Keywords: flow cytometry; immune monitoring; immunotherapy; lab on chip; ovarian cancer.

Figure 2

Description of the chip cytometer setup. (a) Example photograph of the chip design that contains 5 fluidically independent microfluidic channels. (b) Illustration of one microfluidics channel. Buffer fluids were used that act as sheath fluid to hydrodynamically focus cells into the center of the laser beam (green vertical line). A sorting chamber was present but not used in current study (c). Diagram of the key features of different fluidic focusing principles. The relative score of the different concepts for footprint, scalability, ease of integration, and sample dependency were provided by the size of the color diamond in the axis of the property. The higher the concept scores on a property, the closer the diamond will extend to the maximum of the corresponding axis. Relative scores between the hydrodynamic, acoustic, inertial, and DEP concept were provided based on the results reported in the literature [22,23,24,25,26,28,29,30,31,32,33,34,35]. (d) Schematic of the optical system.

Figure 1

Overview of experimental study design in a six-step process. Peripheral blood samples were obtained from 15 patients with ovarian cancer. White blood cells were isolated by means of a density gradient centrifugation and frozen until further use. Batches of four to five samples were defrosted and labelled with fluorescent dyes. Each fluorescently stained patient sample was split into two equal parts to perform simultaneous but separate acquisition on a conventional flow cytometer (BD FACSymphony) and our own, silicon, microfluidics-based chip cytometer (Figure created in BioRender).

Figure 3

Pearson correlation and Bland–Altman agreement analysis for (a) total PD1+ cells, (b) CD8+PD1+ cells, and (c) CD8−PD1+ cells show high correlation and good agreement between chip cytometry and conventional flow cytometry in all three populations.

Figure 4

Clinical patterns of immune cells can be detected similarly on conventional and chip cytometry. (a) All CD45+ PD1+ cells as measured by flow and chip cytometry, respectively.

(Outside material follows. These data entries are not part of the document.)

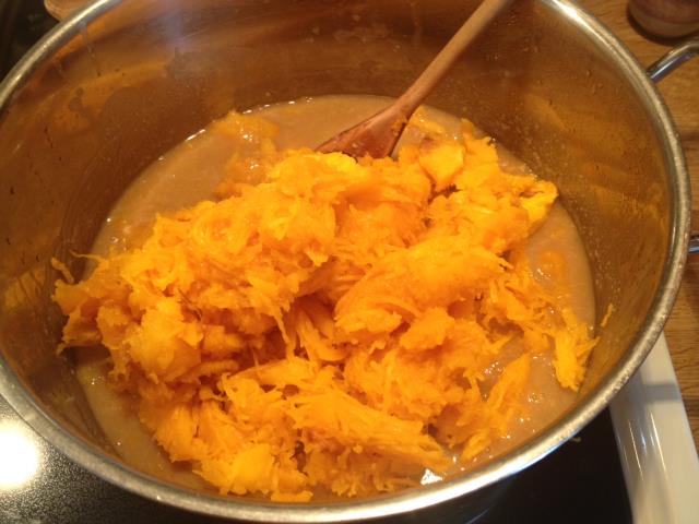6. Add the pumpkin “meat” to the broth and stir – add more broth. Let simmer for 5 – 10 minutes.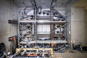 Nach Abschluss der Bohrarbeiten mitsamt Nachvermessung und einem Drucktest, wurden die Bohrungen mit Gefrierköpfen, Gefrierlanzen, Temperaturmessketten und Entwässerungsrohren zur Druckentlastung ausgebaut und an das Gefriersystem angeschlossen. Der Kälteträger konnte nach weiteren vorlaufenden Systemchecks in das System eingelassen werden und zirkulieren. Das GA wurde gestartet und kühlte die Sole im Kältekreislauf nach deren erwärmter Wiederkehr aus den Gefrierrohren wieder auf die Zieltemperatur ab.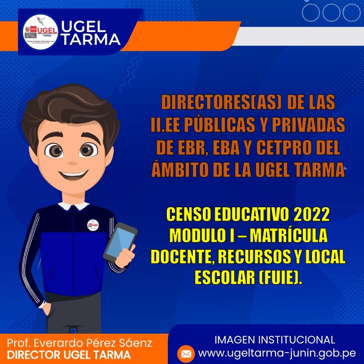 UGEL – TARMA Inicio Nosotros Historia Misión, Visión Directorio Telefónico Documento de Gestión Contacto Convocatorias Contratación CAS Contrato Docente 2022 Contrato de Auxiliares 2022 Reasignación Docente y Auxiliares Documentos de Gestión Directivas Oficios Comunicados Servicios Mesa de Partes Virtual (SISDORE) Consulta el estado de tu expediente Descargar FUT Libro de Reclamaciones Portal de Transparencia DISTRIBUCIÓN DE TABLETAS Y CARGADORES SOLARES COMENTARIOS UNIDAD DE GESTIÓN EDUCATIVA LOCAL TARMA Dirección: Psj. San Juan Bosco N° 102 Tarma Central telefónica: (064) 323082 Mesa de Partes: (064) 321718 Email: ugel2020tarma@gmail.com Facebook Twitter Youtube

No difference can be seen between the data obtained via both measurement methods. (b) Readout of CD8−PD1+ cells on flow and chip cytometer, respectively, shows the same impression of a non-significant higher mean of PD1 positivity in stage III (21.37% for conventional and 19.15% for chip flow cytometry) compared to stage IV (15.25% for conventional and 14.06% for chip flow cytometry). (c) Similar readout of CD8+PD1+ cells on flow and chip cytometer, respectively, after analysis. A two-tailed t-test was used to compare the datasets between both measurement methods (ns = p < 0.05).

Figure 5

Higher speed acquisition does not hamper measurement sensitivity. (a) Comparison of total detections and single cells acquired at speeds of 0.5 m/s and 1 m/s shows that the chip can handle doublet discrimination at higher sample concentrations and (b) still generates the same fluorescence sensitivity compared to lower speed acquisition, as demonstrated by the Pearson correlation resulting from linear fit statistical analysis for total PD1+ cells (R = 0.94, black dots), CD8+PD1+ (R = 0.99, blue, full-colored triangle), and CD8−PD1+ (R = 0.92, red upside-down triangle) populations.

Figure 6

Concept of a multiplexed cytometer chip combining both fluidics and photonics module. The fluidics module harbors besides 2D hydrodynamic focusing also the capacity to sort [22]. The photonics module, presented in the middle, comprises an SiN waveguide platform enabling coupling of laser light, routing of light throughout the chip, and emission of light into the fluidic channel [14,17,19]. The fluorescence emission by the cells can be collected through a quartz top plate, focused to an optical fiber with miniature lenses, such as grin lenses, and collected by an APD or PMT detector. Both modules can be monolithically integrated and multiplexed as represented in the figure on the right.